TASK TO CARRY OUT =
Please reproduce the data exactly, excluding any pictures it contains.

MATERIAL TO PROCESS =
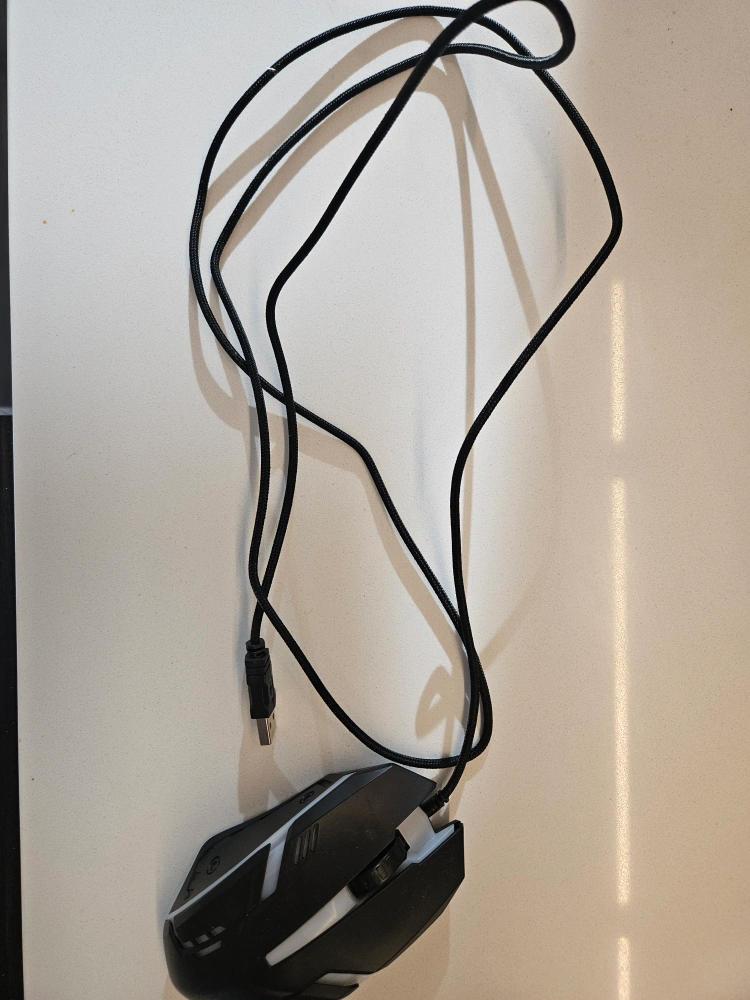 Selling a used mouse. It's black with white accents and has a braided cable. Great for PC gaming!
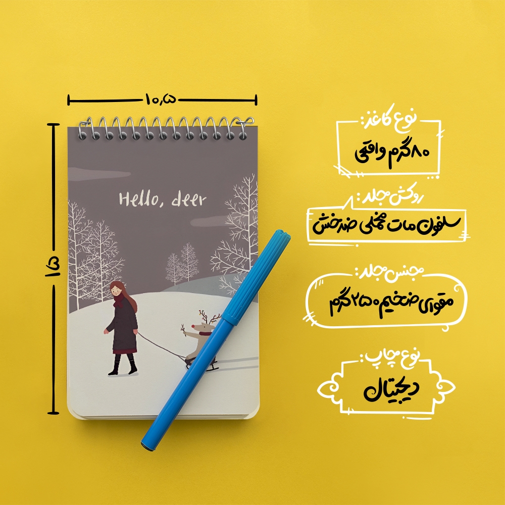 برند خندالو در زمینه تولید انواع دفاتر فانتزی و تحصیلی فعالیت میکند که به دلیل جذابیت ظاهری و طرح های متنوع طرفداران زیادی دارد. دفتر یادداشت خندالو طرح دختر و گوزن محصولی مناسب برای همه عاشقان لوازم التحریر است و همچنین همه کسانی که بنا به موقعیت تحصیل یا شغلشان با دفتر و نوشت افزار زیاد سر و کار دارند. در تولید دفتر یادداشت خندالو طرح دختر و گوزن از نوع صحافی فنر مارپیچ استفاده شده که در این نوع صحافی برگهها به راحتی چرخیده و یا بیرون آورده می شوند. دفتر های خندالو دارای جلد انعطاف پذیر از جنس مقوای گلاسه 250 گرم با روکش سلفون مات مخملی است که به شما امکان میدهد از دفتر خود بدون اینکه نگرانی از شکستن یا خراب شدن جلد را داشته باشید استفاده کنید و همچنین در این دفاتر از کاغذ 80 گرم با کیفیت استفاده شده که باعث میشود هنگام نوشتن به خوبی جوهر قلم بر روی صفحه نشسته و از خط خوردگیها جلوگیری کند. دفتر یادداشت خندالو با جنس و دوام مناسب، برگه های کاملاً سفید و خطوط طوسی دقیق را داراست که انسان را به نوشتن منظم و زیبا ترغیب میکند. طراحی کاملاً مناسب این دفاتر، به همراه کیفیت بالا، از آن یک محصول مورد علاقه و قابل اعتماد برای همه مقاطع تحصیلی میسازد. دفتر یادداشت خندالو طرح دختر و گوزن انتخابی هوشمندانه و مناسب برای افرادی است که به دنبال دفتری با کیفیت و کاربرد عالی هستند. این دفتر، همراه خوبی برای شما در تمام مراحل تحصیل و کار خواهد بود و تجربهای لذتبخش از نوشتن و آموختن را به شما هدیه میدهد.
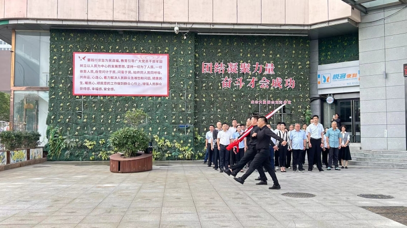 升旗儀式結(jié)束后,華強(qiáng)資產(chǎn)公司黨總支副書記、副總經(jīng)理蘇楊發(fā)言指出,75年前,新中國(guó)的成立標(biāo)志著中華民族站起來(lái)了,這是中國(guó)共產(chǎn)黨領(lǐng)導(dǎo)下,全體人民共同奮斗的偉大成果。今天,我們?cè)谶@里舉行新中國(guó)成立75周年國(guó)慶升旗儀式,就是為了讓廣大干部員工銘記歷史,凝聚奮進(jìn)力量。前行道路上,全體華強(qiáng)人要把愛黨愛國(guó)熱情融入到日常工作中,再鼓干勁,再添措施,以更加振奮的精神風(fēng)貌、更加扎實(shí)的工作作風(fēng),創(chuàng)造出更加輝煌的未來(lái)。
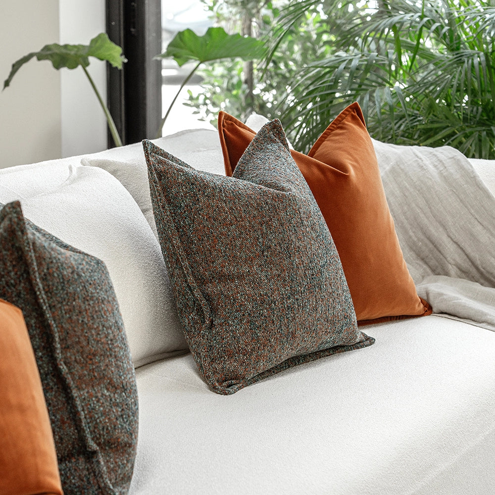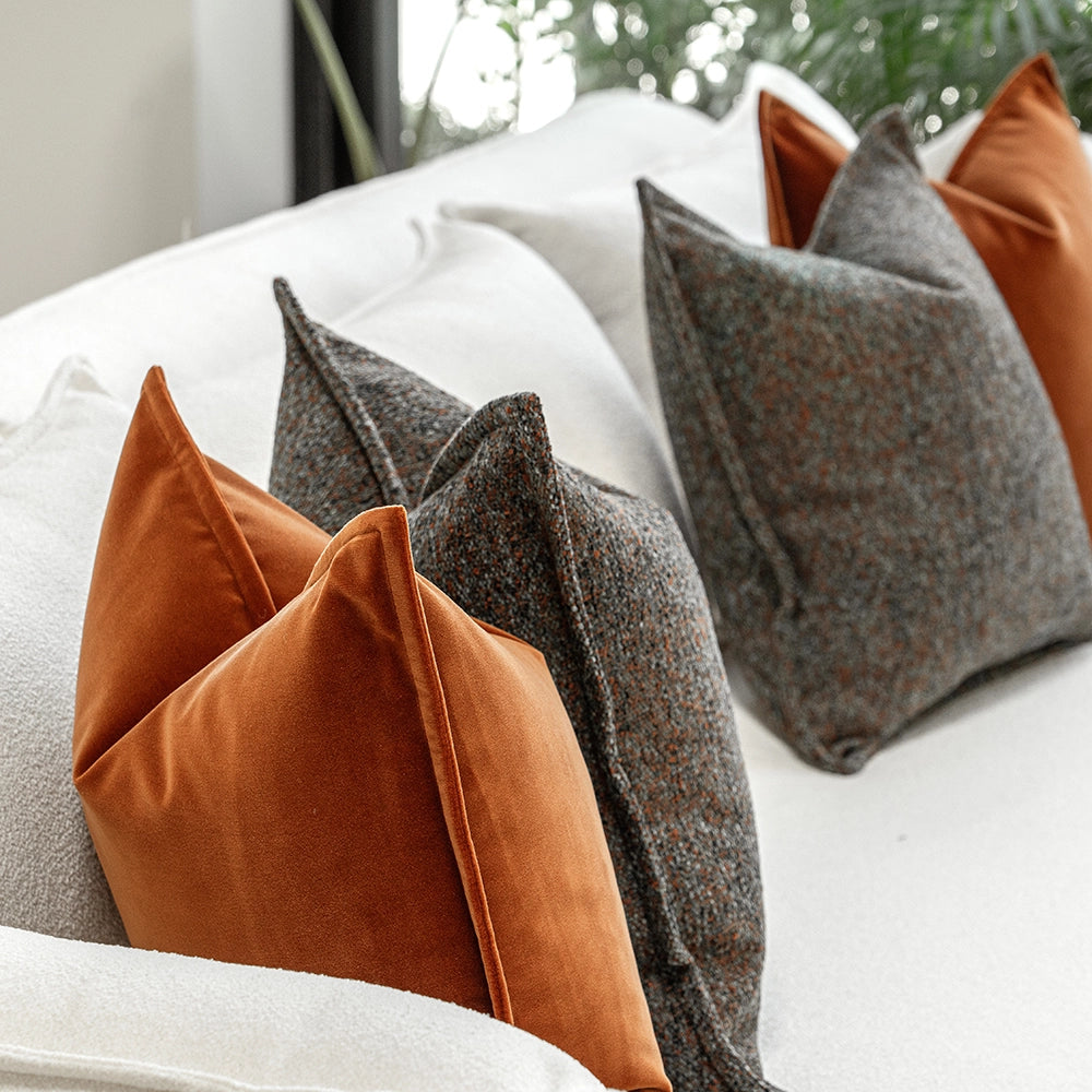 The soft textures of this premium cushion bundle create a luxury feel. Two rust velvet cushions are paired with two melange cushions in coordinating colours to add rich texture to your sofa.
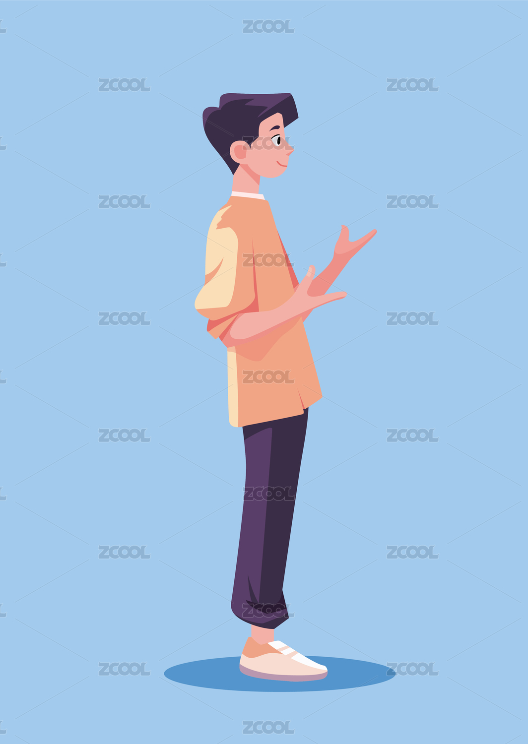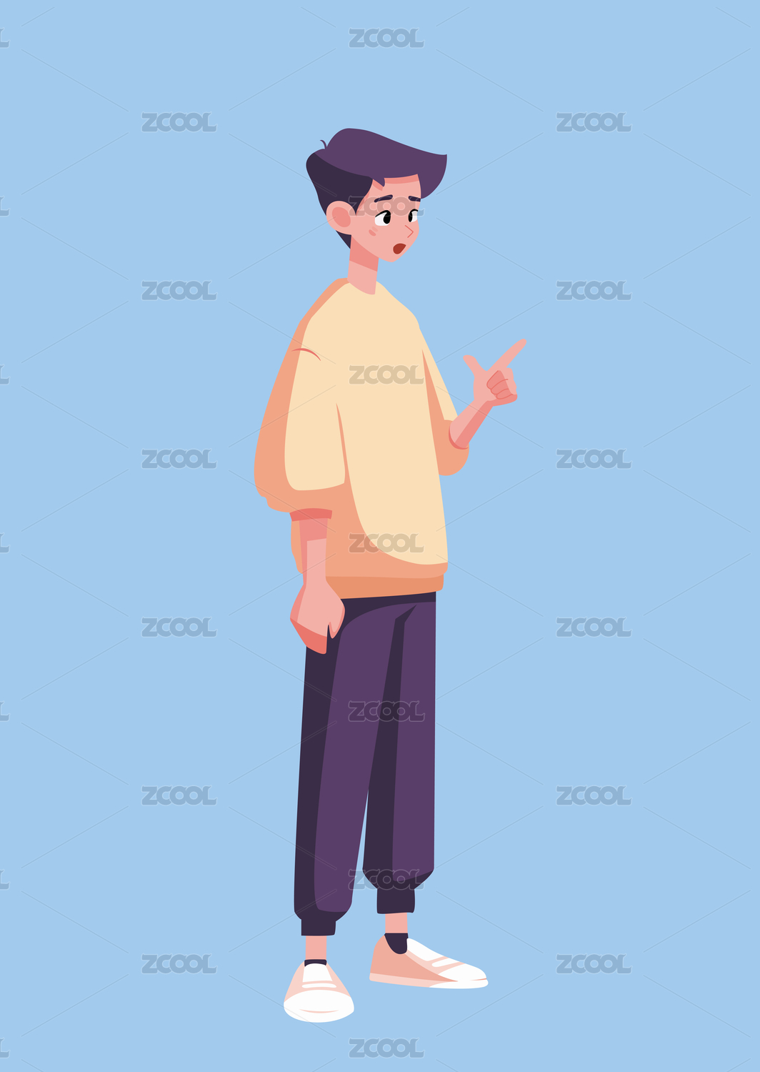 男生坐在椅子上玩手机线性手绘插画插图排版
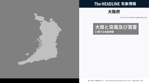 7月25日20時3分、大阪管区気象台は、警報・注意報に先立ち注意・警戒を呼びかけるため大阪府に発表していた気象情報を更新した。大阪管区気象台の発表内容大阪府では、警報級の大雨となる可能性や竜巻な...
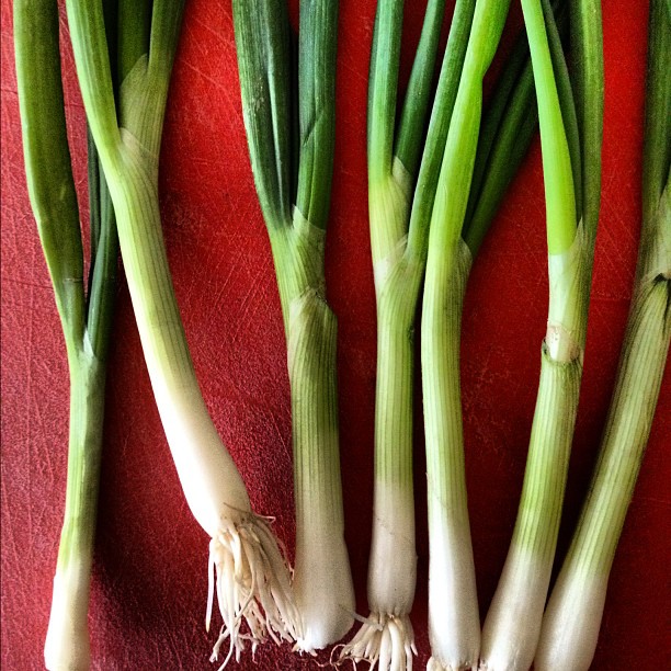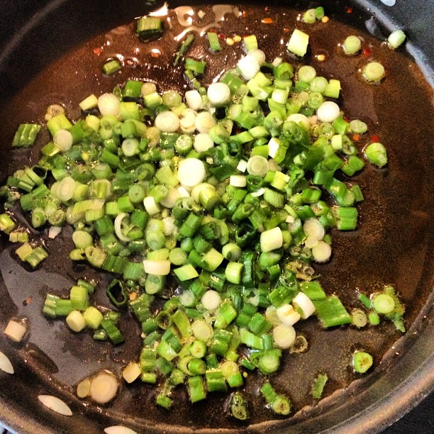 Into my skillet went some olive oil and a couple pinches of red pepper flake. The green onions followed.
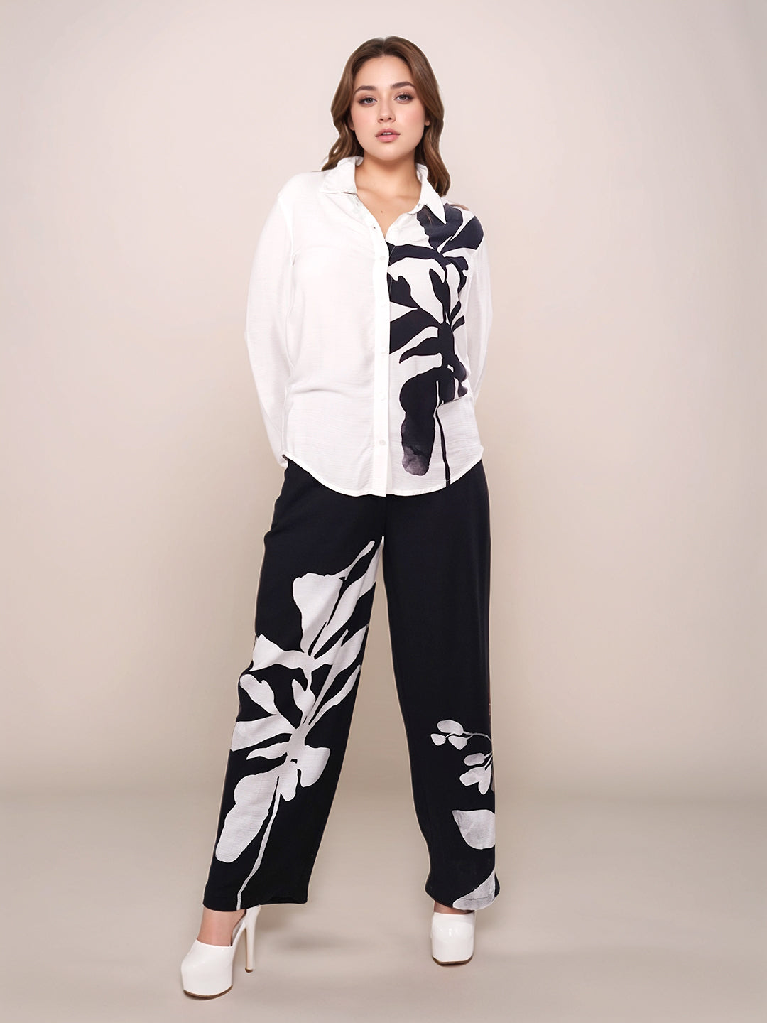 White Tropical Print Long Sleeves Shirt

SOLUTION TO THE PROBLEM =
 Selling a used mouse. It's black with white accents and has a braided cable. Great for PC gaming!
 برند خندالو در زمینه تولید انواع دفاتر فانتزی و تحصیلی فعالیت میکند که به دلیل جذابیت ظاهری و طرح های متنوع طرفداران زیادی دارد. دفتر یادداشت خندالو طرح دختر و گوزن محصولی مناسب برای همه عاشقان لوازم التحریر است و همچنین همه کسانی که بنا به موقعیت تحصیل یا شغلشان با دفتر و نوشت افزار زیاد سر و کار دارند. در تولید دفتر یادداشت خندالو طرح دختر و گوزن از نوع صحافی فنر مارپیچ استفاده شده که در این نوع صحافی برگهها به راحتی چرخیده و یا بیرون آورده می شوند. دفتر های خندالو دارای جلد انعطاف پذیر از جنس مقوای گلاسه 250 گرم با روکش سلفون مات مخملی است که به شما امکان میدهد از دفتر خود بدون اینکه نگرانی از شکستن یا خراب شدن جلد را داشته باشید استفاده کنید و همچنین در این دفاتر از کاغذ 80 گرم با کیفیت استفاده شده که باعث میشود هنگام نوشتن به خوبی جوهر قلم بر روی صفحه نشسته و از خط خوردگیها جلوگیری کند. دفتر یادداشت خندالو با جنس و دوام مناسب، برگه های کاملاً سفید و خطوط طوسی دقیق را داراست که انسان را به نوشتن منظم و زیبا ترغیب میکند. طراحی کاملاً مناسب این دفاتر، به همراه کیفیت بالا، از آن یک محصول مورد علاقه و قابل اعتماد برای همه مقاطع تحصیلی میسازد. دفتر یادداشت خندالو طرح دختر و گوزن انتخابی هوشمندانه و مناسب برای افرادی است که به دنبال دفتری با کیفیت و کاربرد عالی هستند. این دفتر، همراه خوبی برای شما در تمام مراحل تحصیل و کار خواهد بود و تجربهای لذتبخش از نوشتن و آموختن را به شما هدیه میدهد.
 升旗儀式結(jié)束后,華強(qiáng)資產(chǎn)公司黨總支副書記、副總經(jīng)理蘇楊發(fā)言指出,75年前,新中國(guó)的成立標(biāo)志著中華民族站起來(lái)了,這是中國(guó)共產(chǎn)黨領(lǐng)導(dǎo)下,全體人民共同奮斗的偉大成果。今天,我們?cè)谶@里舉行新中國(guó)成立75周年國(guó)慶升旗儀式,就是為了讓廣大干部員工銘記歷史,凝聚奮進(jìn)力量。前行道路上,全體華強(qiáng)人要把愛黨愛國(guó)熱情融入到日常工作中,再鼓干勁,再添措施,以更加振奮的精神風(fēng)貌、更加扎實(shí)的工作作風(fēng),創(chuàng)造出更加輝煌的未來(lái)。
 The soft textures of this premium cushion bundle create a luxury feel. Two rust velvet cushions are paired with two melange cushions in coordinating colours to add rich texture to your sofa.
 男生坐在椅子上玩手机线性手绘插画插图排版
 7月25日20時3分、大阪管区気象台は、警報・注意報に先立ち注意・警戒を呼びかけるため大阪府に発表していた気象情報を更新した。大阪管区気象台の発表内容大阪府では、警報級の大雨となる可能性や竜巻な...
 Into my skillet went some olive oil and a couple pinches of red pepper flake. The green onions followed.
 White Tropical Print Long Sleeves Shirt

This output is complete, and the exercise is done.